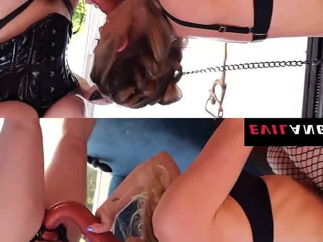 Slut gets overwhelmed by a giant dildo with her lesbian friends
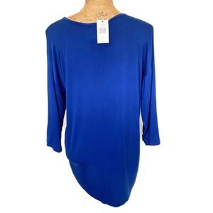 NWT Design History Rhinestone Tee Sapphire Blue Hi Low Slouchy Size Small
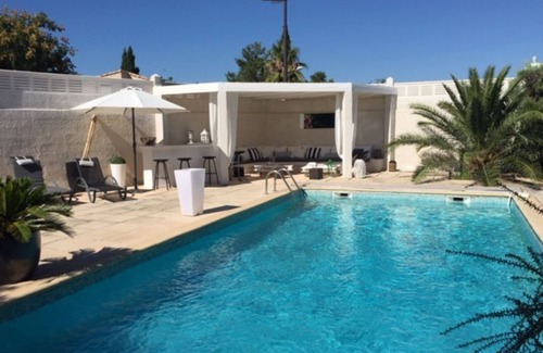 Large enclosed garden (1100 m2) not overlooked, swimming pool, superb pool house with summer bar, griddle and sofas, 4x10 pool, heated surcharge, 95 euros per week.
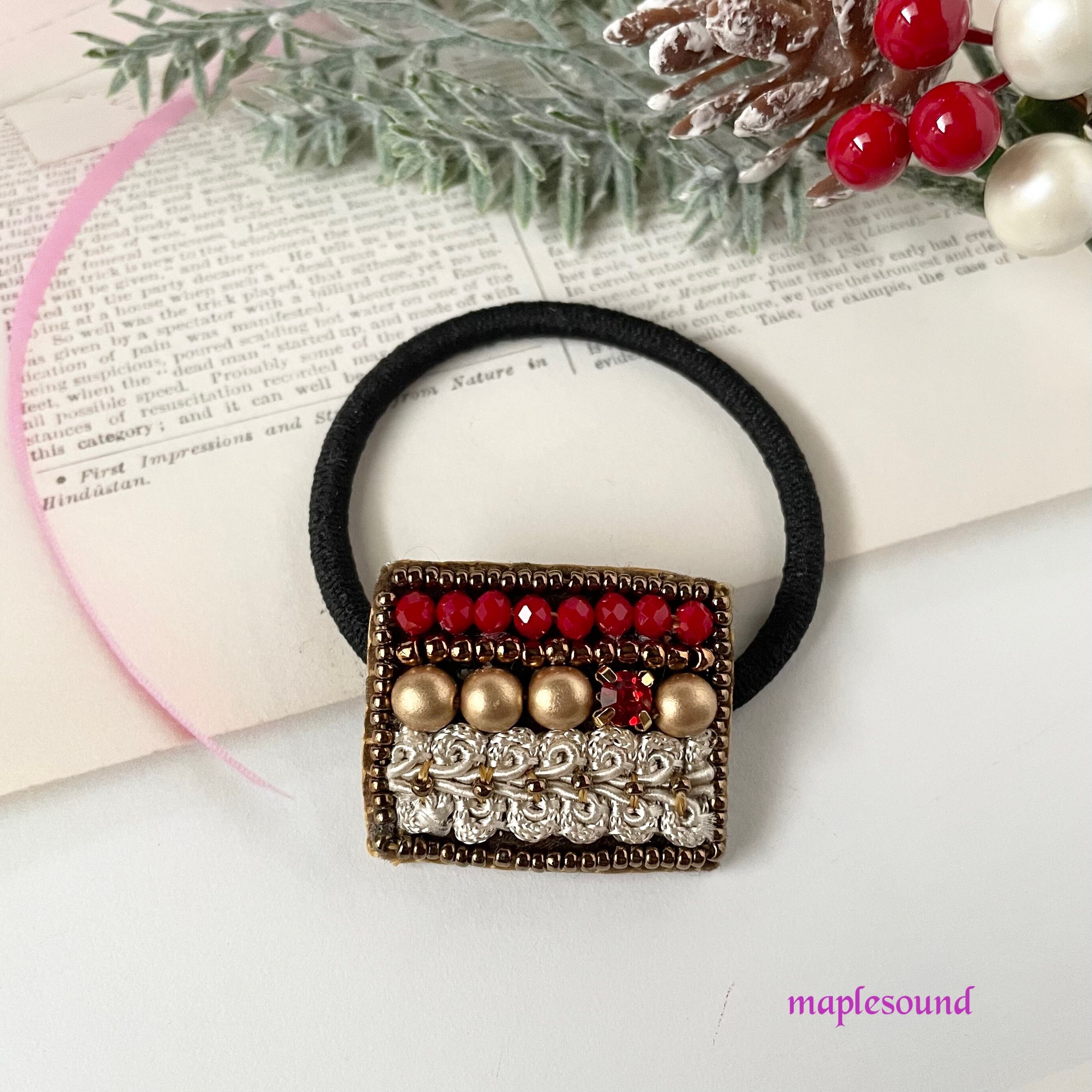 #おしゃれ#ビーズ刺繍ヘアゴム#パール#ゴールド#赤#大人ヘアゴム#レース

==*==

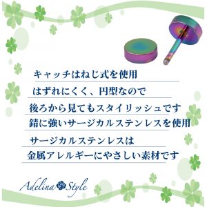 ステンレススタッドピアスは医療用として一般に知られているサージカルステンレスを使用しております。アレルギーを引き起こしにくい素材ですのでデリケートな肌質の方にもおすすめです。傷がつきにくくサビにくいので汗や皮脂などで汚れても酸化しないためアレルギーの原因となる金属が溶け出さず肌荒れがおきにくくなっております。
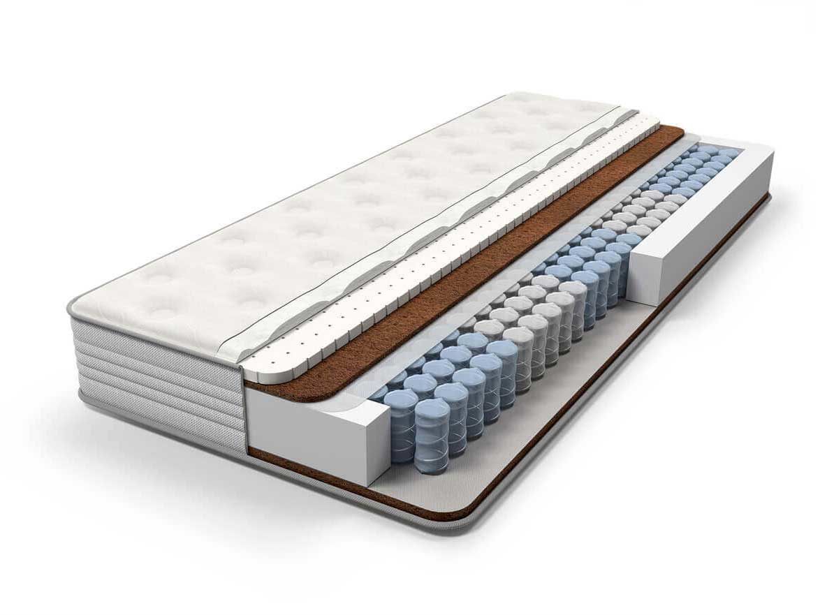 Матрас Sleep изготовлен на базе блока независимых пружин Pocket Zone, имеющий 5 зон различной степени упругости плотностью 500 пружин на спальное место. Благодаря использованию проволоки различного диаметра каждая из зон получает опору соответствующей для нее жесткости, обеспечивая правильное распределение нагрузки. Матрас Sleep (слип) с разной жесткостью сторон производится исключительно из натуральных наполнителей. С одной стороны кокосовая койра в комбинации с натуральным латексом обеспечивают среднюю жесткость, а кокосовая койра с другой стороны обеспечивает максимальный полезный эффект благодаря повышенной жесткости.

==*==

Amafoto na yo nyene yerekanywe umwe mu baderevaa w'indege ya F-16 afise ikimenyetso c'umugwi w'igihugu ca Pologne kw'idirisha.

==*==

=== Exercise ===
Above are the records; return the lines in them from the one with "Large enclosed garden" to the one with "#おしゃれ#ビーズ刺繍ヘアゴム#パール#ゴールド#赤#大人ヘアゴム#レース", inclusive, exactly and without images.

=== Task answer ===
 Large enclosed garden (1100 m2) not overlooked, swimming pool, superb pool house with summer bar, griddle and sofas, 4x10 pool, heated surcharge, 95 euros per week.
 #おしゃれ#ビーズ刺繍ヘアゴム#パール#ゴールド#赤#大人ヘアゴム#レース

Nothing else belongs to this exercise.